#### Exercise goal
Required from the data below: the exact lines starting at the line containing "BrokersViewが20" and ending at the line containing "Библиотекарь рассказала, что", with both ends kept and all pictures dropped.

#### Dataset records
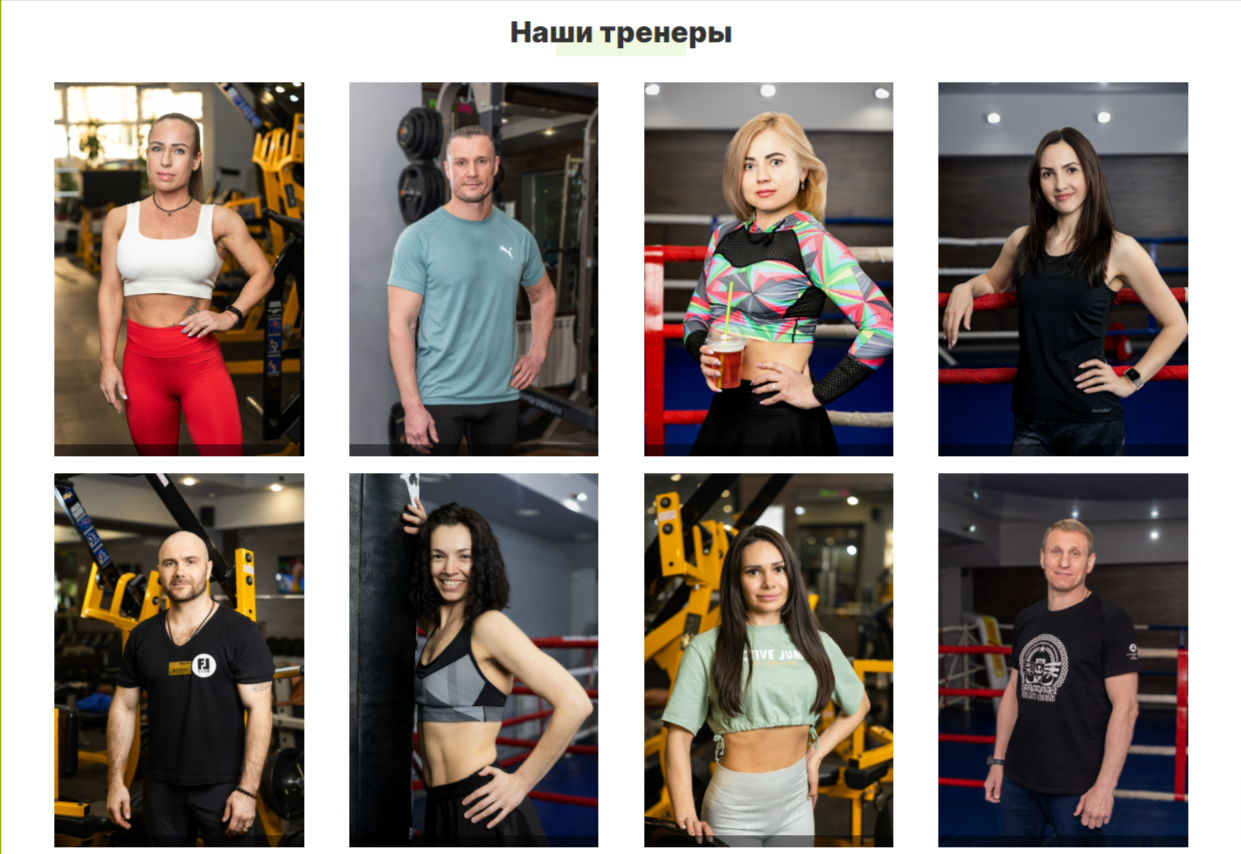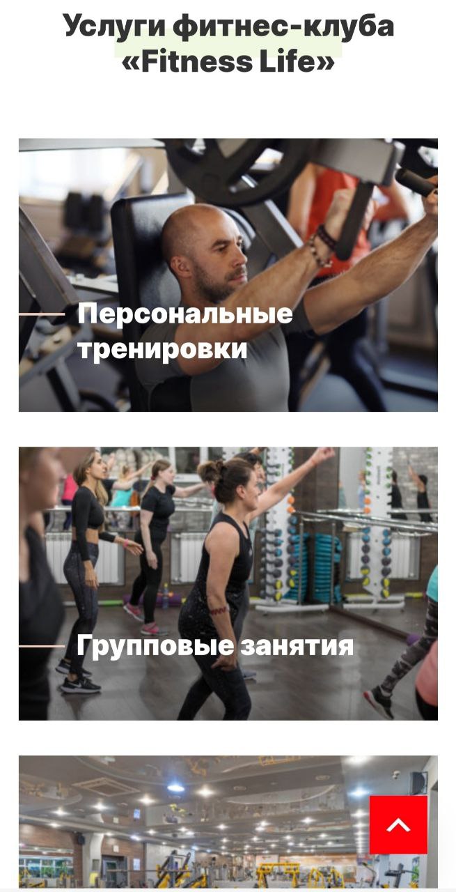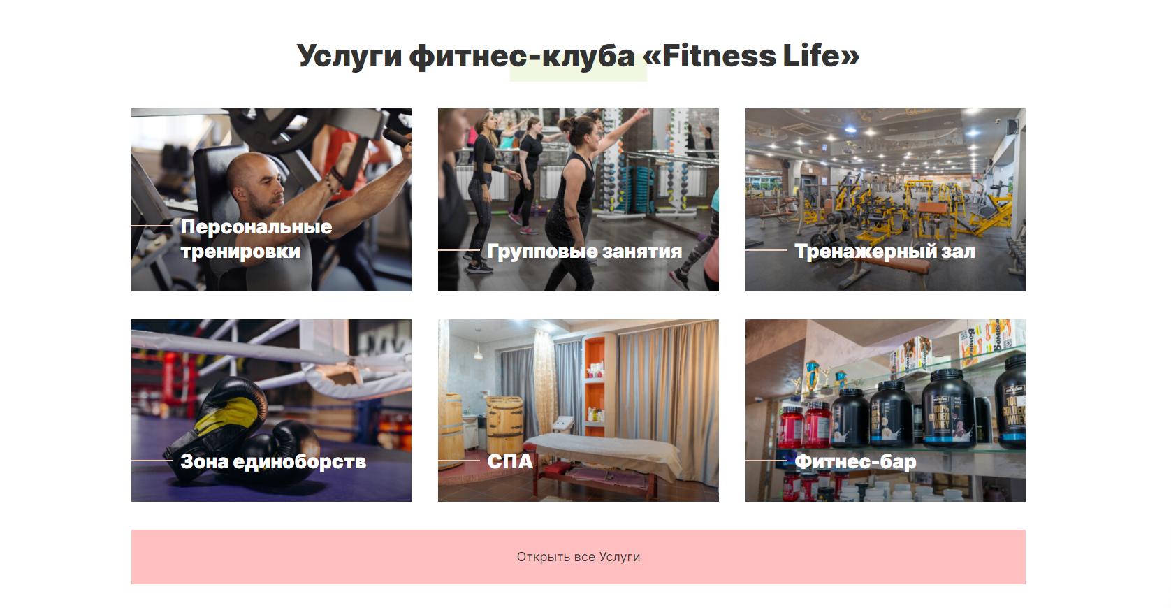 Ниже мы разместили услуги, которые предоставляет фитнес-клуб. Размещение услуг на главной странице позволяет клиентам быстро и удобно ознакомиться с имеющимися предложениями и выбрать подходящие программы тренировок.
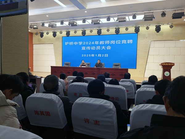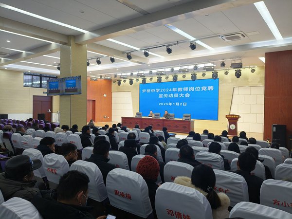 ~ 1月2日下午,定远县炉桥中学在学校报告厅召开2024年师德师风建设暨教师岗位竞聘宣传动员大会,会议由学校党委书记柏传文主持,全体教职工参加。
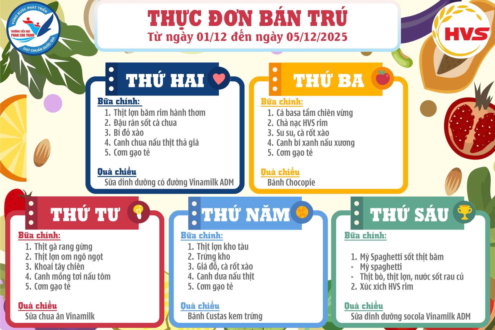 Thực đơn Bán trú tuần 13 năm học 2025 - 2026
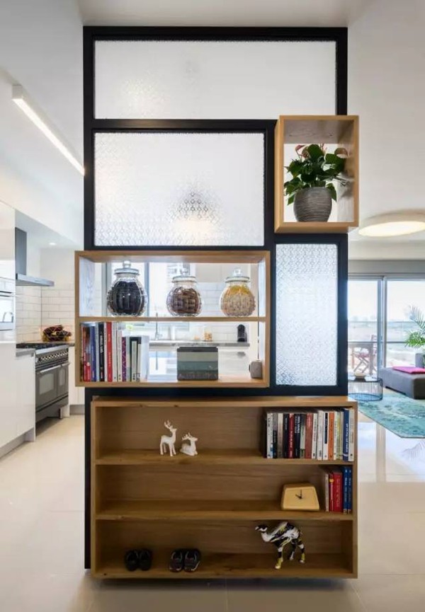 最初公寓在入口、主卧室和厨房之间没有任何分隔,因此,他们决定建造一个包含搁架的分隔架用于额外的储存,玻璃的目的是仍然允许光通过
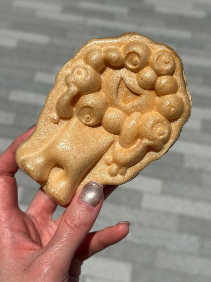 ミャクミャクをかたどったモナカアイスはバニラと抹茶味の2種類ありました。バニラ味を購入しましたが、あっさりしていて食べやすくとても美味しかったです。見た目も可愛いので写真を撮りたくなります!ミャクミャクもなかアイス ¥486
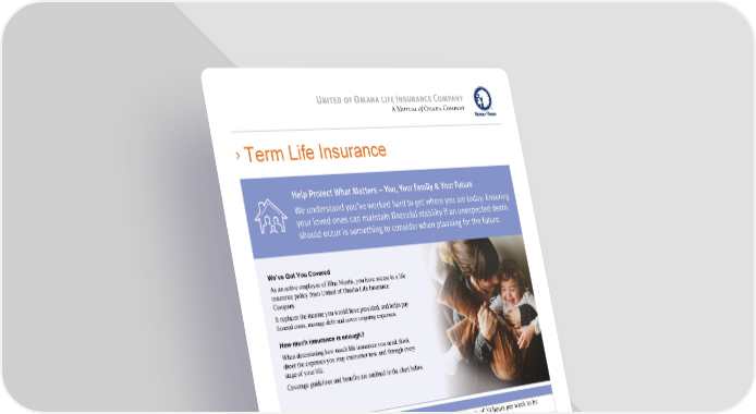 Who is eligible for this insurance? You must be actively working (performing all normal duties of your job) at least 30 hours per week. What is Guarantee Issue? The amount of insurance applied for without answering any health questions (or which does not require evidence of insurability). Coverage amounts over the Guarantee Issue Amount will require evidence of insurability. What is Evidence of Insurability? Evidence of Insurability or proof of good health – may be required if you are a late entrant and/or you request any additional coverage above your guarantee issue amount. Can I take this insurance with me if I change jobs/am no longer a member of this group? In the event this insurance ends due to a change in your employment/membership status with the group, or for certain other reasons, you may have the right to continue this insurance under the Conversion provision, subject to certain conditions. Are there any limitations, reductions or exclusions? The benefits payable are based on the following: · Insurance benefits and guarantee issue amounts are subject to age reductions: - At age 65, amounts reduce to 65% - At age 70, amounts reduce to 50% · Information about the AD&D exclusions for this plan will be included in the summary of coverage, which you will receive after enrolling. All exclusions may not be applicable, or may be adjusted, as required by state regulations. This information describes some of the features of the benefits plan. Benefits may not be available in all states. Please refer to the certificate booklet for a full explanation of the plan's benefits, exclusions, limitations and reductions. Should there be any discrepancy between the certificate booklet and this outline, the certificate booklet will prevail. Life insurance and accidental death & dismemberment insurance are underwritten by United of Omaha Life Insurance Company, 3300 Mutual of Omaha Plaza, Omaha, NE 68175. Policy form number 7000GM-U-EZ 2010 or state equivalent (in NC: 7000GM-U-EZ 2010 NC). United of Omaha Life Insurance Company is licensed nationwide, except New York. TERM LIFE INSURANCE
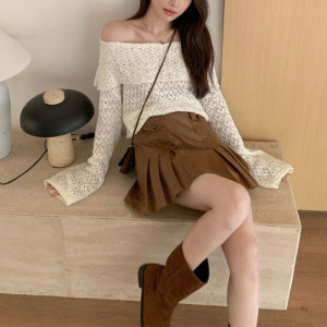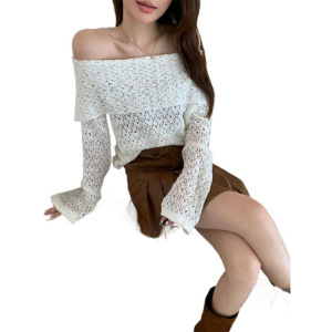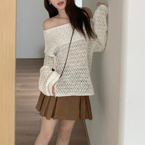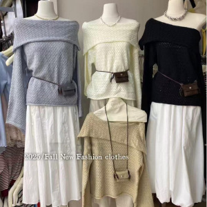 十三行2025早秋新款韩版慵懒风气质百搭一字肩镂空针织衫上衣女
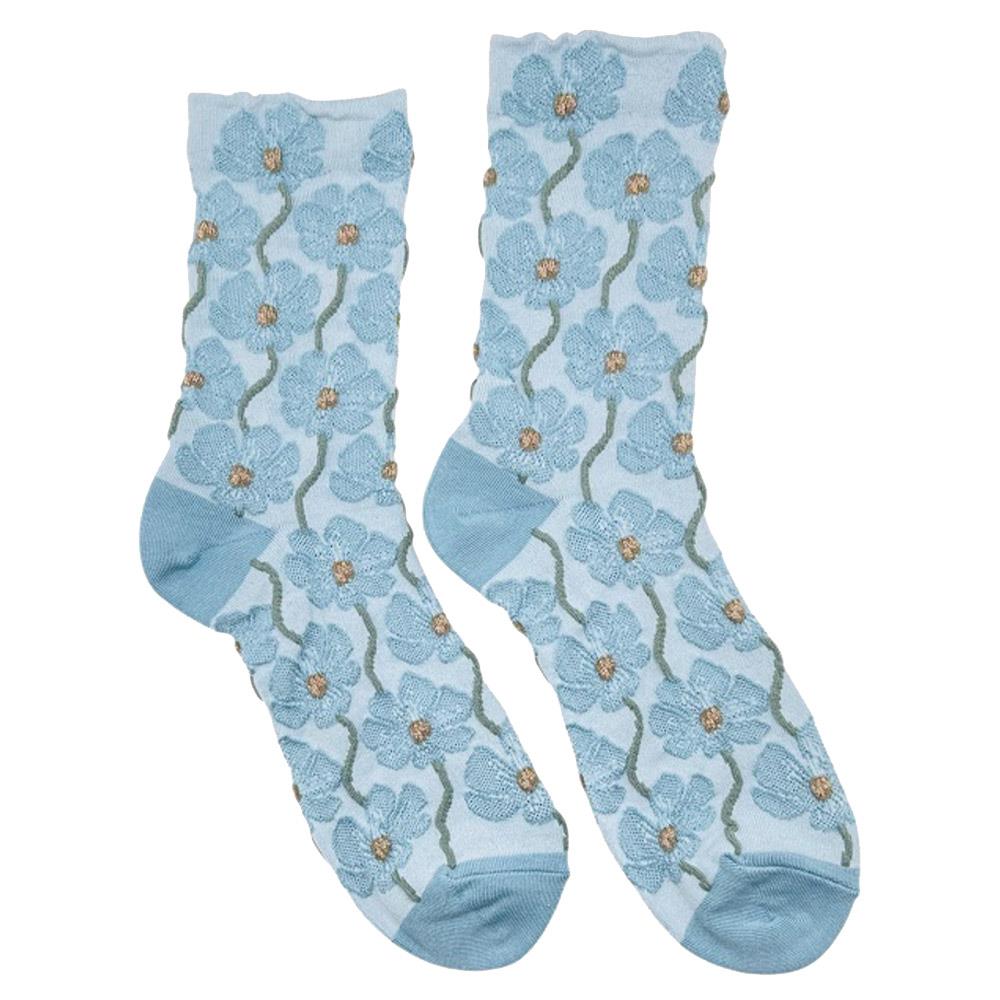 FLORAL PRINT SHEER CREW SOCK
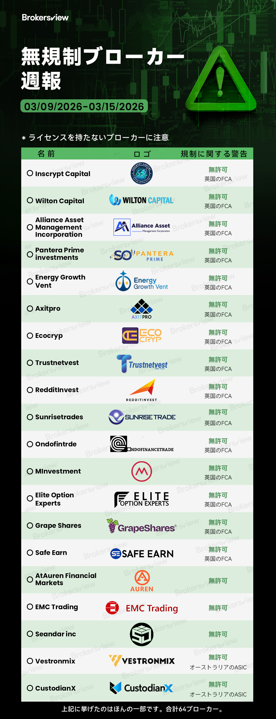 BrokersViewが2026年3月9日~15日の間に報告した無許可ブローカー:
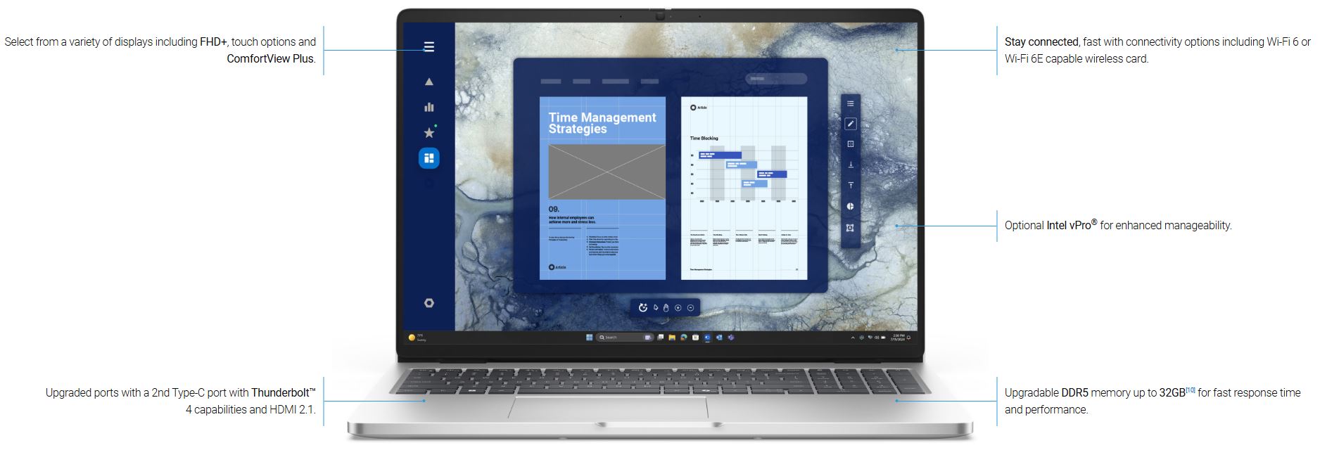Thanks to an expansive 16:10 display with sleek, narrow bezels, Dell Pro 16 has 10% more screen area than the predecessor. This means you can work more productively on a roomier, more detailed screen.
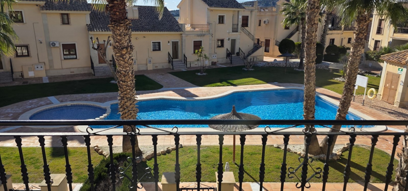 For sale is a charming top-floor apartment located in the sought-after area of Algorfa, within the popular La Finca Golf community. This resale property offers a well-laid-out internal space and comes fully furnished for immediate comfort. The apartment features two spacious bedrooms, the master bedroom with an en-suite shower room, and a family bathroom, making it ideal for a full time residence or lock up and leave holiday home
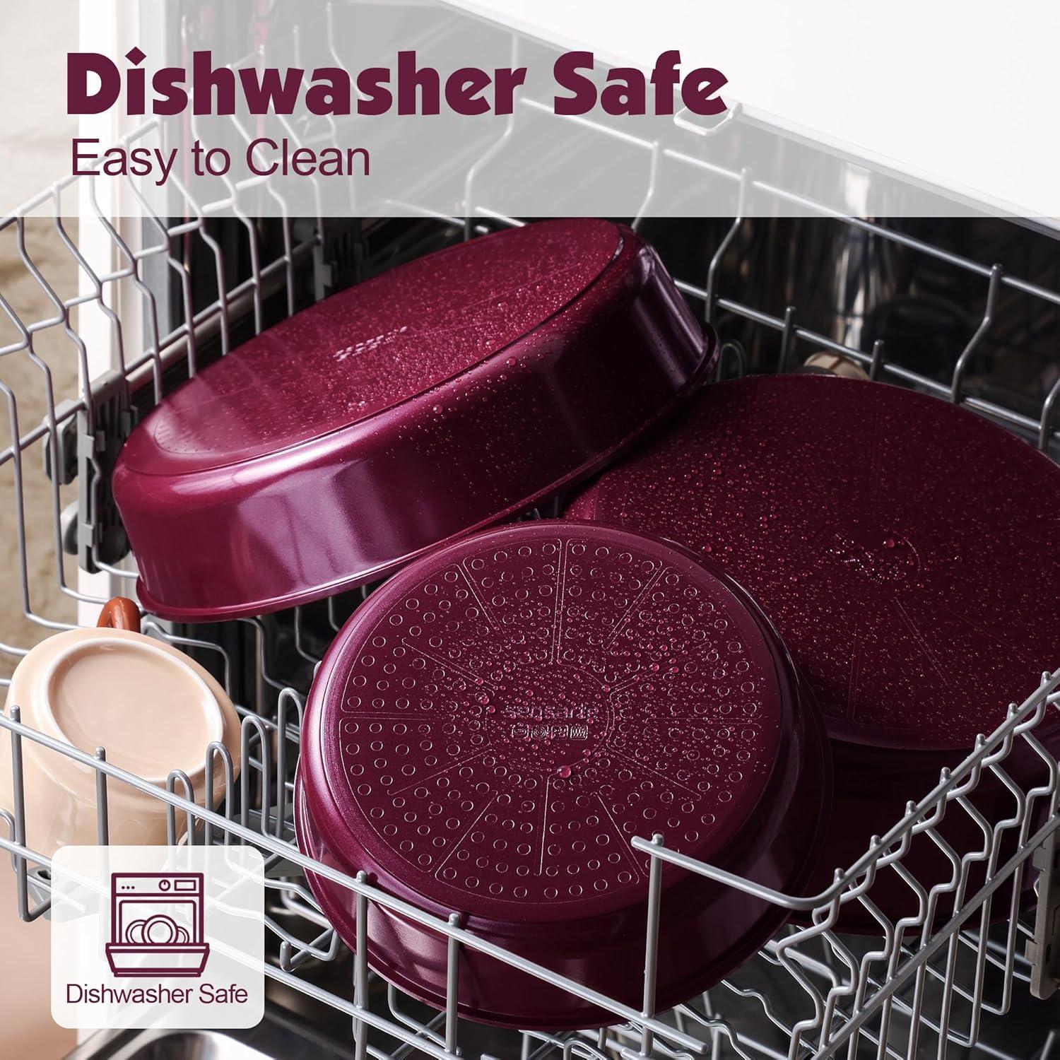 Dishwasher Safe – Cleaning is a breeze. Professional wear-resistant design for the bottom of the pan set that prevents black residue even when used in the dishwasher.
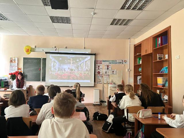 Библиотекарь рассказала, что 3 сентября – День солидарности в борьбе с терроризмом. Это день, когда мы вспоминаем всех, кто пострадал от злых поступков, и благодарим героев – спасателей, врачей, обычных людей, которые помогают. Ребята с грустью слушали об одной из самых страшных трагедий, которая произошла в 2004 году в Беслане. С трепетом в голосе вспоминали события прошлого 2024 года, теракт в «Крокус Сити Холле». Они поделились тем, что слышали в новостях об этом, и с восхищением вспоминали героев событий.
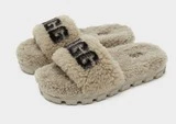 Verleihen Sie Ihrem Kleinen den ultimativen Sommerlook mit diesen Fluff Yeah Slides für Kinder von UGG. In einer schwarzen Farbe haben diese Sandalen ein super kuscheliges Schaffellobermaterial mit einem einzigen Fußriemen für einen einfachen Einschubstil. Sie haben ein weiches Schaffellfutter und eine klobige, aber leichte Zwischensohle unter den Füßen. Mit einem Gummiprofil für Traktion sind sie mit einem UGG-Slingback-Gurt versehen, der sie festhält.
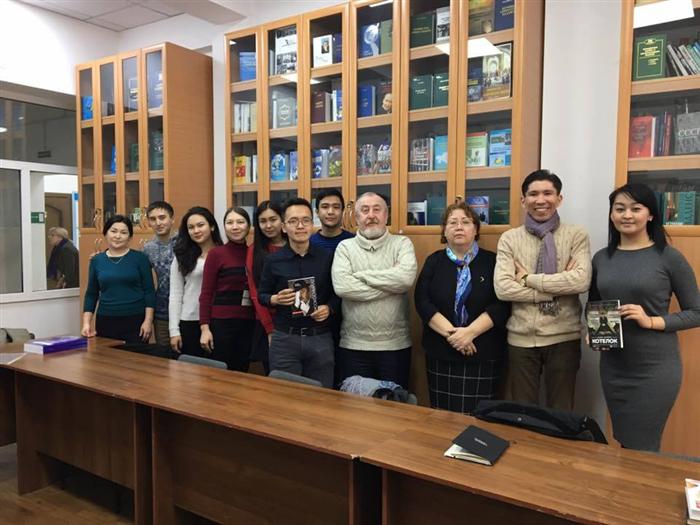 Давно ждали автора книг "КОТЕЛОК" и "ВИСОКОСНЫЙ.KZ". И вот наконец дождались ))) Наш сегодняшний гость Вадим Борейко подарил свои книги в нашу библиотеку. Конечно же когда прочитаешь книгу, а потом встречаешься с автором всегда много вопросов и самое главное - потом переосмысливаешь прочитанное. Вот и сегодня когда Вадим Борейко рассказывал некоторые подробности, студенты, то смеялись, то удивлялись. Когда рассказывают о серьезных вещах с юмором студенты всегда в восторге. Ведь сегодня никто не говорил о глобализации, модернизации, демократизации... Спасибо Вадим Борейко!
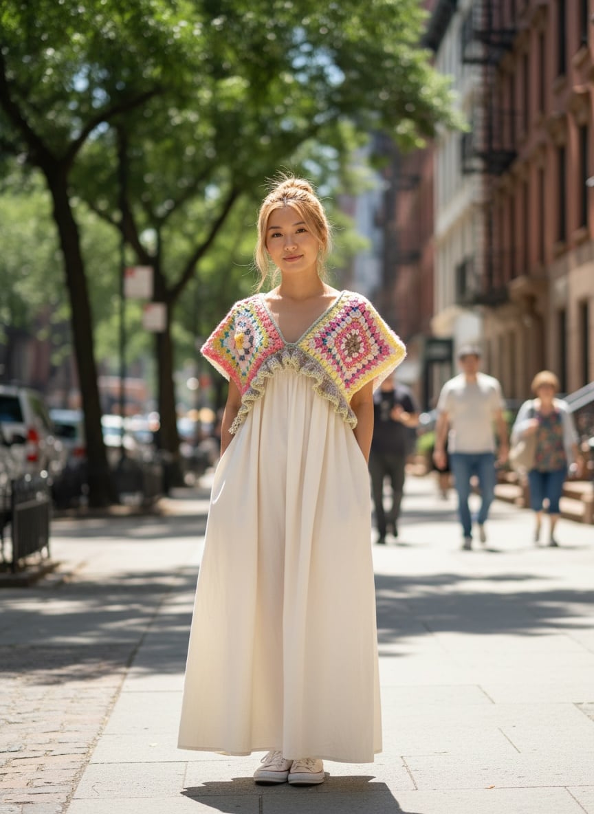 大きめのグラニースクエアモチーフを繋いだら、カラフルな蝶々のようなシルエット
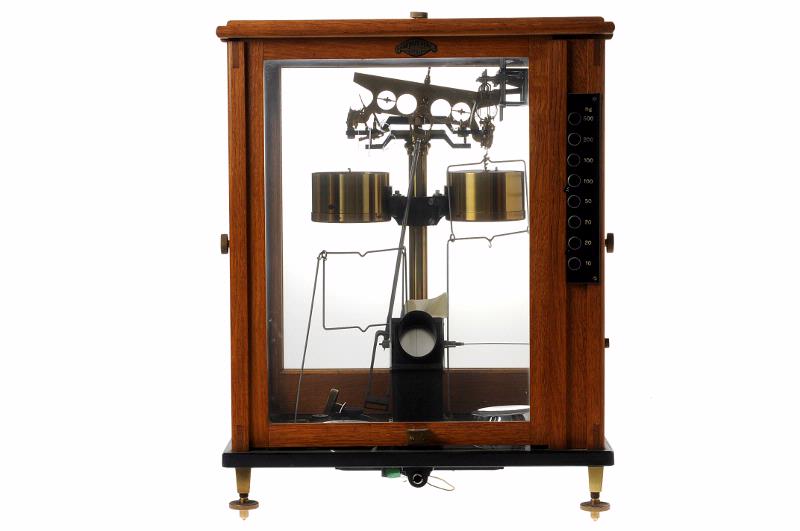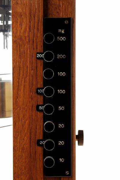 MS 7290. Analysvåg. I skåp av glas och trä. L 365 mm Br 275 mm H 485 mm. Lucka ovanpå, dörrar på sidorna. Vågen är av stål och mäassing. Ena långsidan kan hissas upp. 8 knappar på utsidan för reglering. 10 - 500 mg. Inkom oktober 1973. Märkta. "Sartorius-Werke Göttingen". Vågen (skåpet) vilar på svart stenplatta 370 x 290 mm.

#### Reply
 BrokersViewが2026年3月9日~15日の間に報告した無許可ブローカー:
Thanks to an expansive 16:10 display with sleek, narrow bezels, Dell Pro 16 has 10% more screen area than the predecessor. This means you can work more productively on a roomier, more detailed screen.
 For sale is a charming top-floor apartment located in the sought-after area of Algorfa, within the popular La Finca Golf community. This resale property offers a well-laid-out internal space and comes fully furnished for immediate comfort. The apartment features two spacious bedrooms, the master bedroom with an en-suite shower room, and a family bathroom, making it ideal for a full time residence or lock up and leave holiday home
 Dishwasher Safe – Cleaning is a breeze. Professional wear-resistant design for the bottom of the pan set that prevents black residue even when used in the dishwasher.
 Библиотекарь рассказала, что 3 сентября – День солидарности в борьбе с терроризмом. Это день, когда мы вспоминаем всех, кто пострадал от злых поступков, и благодарим героев – спасателей, врачей, обычных людей, которые помогают. Ребята с грустью слушали об одной из самых страшных трагедий, которая произошла в 2004 году в Беслане. С трепетом в голосе вспоминали события прошлого 2024 года, теракт в «Крокус Сити Холле». Они поделились тем, что слышали в новостях об этом, и с восхищением вспоминали героев событий.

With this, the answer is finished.